Key Takeaways for Investors

  • Profitability quality improved: Adjusted EBITDA up 44% YoY and margin expanded to 4.2% of GB, with Mobility EBITDA margin at 7.8% of GB despite higher insurance costs; Delivery EBITDA up 53% YoY, benefiting from ads and scale .
  • Demand momentum: MAPCs and Trips accelerated; Uber One membership reached 30M and multiproduct usage at 37%—key drivers of frequency and retention .
  • AV narrative maturing: commercialization is multi-year; Uber’s hybrid network and fleet ops capability position it as the partner of choice; near-term launches in Austin/Atlanta with Waymo could be proof points .
  • Q1 2025 setup: strong EBITDA growth guided (+30% to +37% YoY) alongside heavier FX headwinds (~5.5ppt); watch LatAm currencies and FX translation on reported GBs .
  • Freight remains cyclical: flat revenue and negative EBITDA—expect continued operational discipline; not a core growth engine near-term .
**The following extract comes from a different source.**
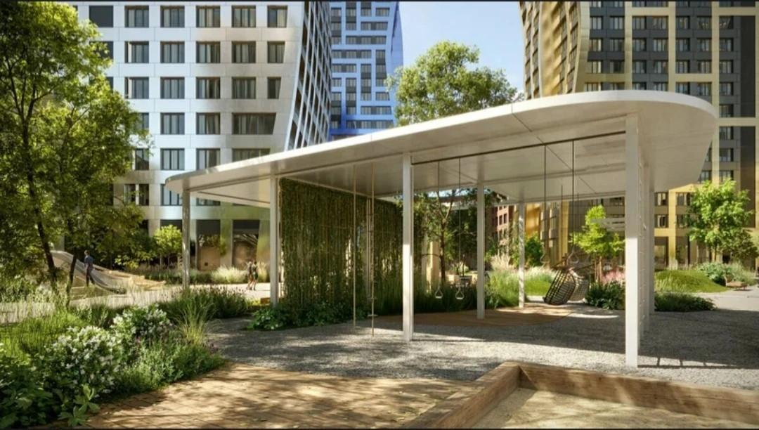 Оборудованные современные детские и спортивные площадки, открытая зона с двумя навесами, тренажерами; -Статусные входные группы; - Скоростные лифты и система безопасности; -концепция "Двор без машин"; -Собственные детский сад и школа на территории комплекса.

  • Capital returns: ASR for $1.5B launched in Jan-2025; debt reduced by $2.0B in Q4—enhancing balance sheet and signaling confidence in intrinsic value .
  • Tactical implications: near-term focus on FX sensitivity and insurance normalization; medium-term thesis anchored on membership-driven engagement, ads monetization, and structural advantages in AV deployment .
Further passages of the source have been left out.